Раз мы с вами сидим в нашем здании, значит, до конца не разорены. Но стеснение в средствах сильное. Это, наверное, первый случай в России, когда политическая партия обращается за деньгами к избирателям, элементарно собирает пожертвования. Придумываем (впервые!), как известить об этом людей, как сделать схему платежа простой и удобной, а траты – прозрачными. Кстати, за два месяца этого года собрали в несколько раз больше средств, чем за весь прошлый. Все деньги пошли на листовки и спецвыпуск нашей газеты.
— Может вдруг появиться человек, который скажет: «Я буду давать деньги «ЯБЛОКУ»?
— Все может быть. Но для нас далеко небезразлично, кто он и в чем его цель и интерес.

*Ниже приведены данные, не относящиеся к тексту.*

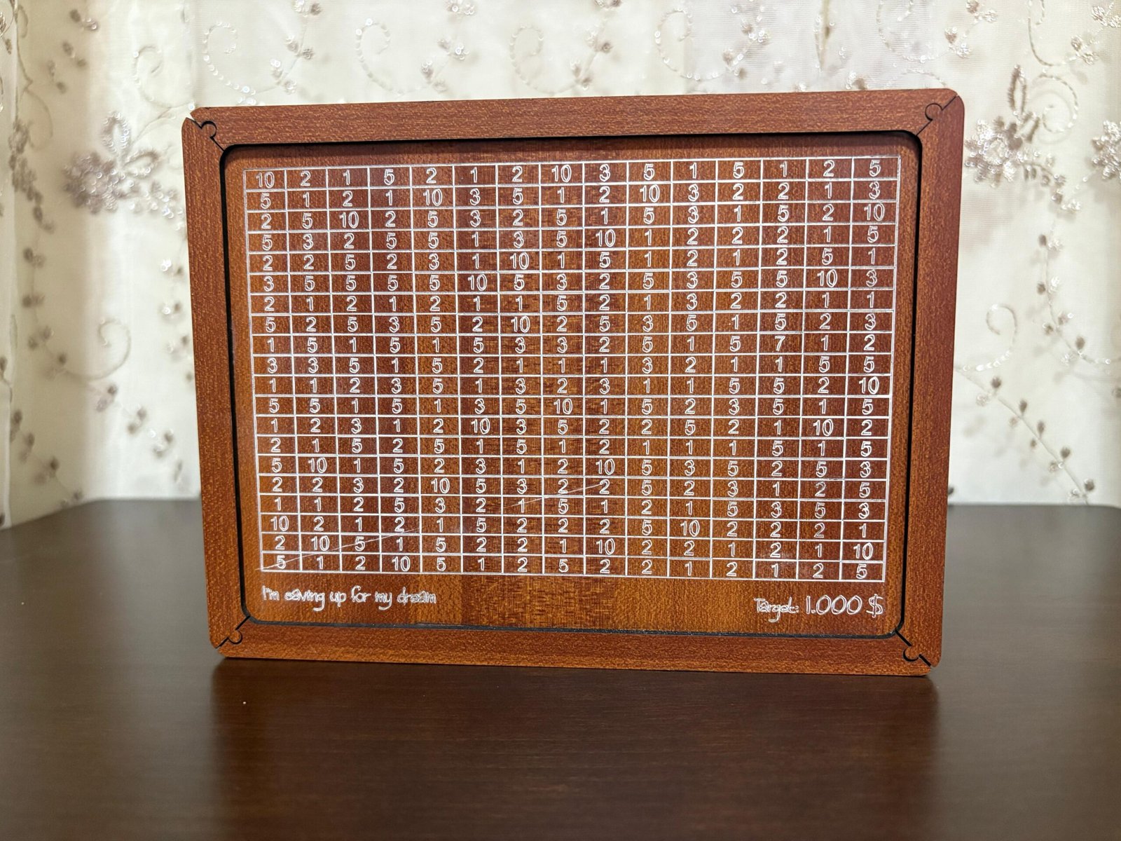 ✨ Beautifully Handcrafted: Made from high-quality wood with precision laser engraving, it features a clear savings grid to help you track your progress visually and stay motivated.

— Вы почувствовали на себе охлаждение политического истеблишмента, перейдя из разряда успешных политиков во второй эшелон?
— Естественно. Меньше контактов, звонков. Но и современный истеблишмент не слишком располагает к общению.
— Но для вас это важно — приятельские связи, тусовки, вращение «в сферах»?
Если это для работы нужно. А по-человечески я в этом ничего интересного не вижу. Есть друзья, интересные люди, есть люди выдающиеся. С ними – интересно, а «вращаться» – утомительно.
— Вы могли бы вести замкнутый, уединенный образ жизни? Довольствоваться обществом семьи?
— Тут как в анекдоте: «Вы умеете играть на скрипке?» — «Не знаю, не пробовал».
— Лень, утверждают, привычка отдыхать заблаговременно. Если такое случается, как вы ленитесь?
— Хороший вопрос. Лениться — очень изнурительное занятие. Лежать на диване и есть себя, что надо встать и работать? Жутко отравляет существование. От борьбы с ленью так устаешь, что себе дороже. Проще обреченно сделать то, что намечено.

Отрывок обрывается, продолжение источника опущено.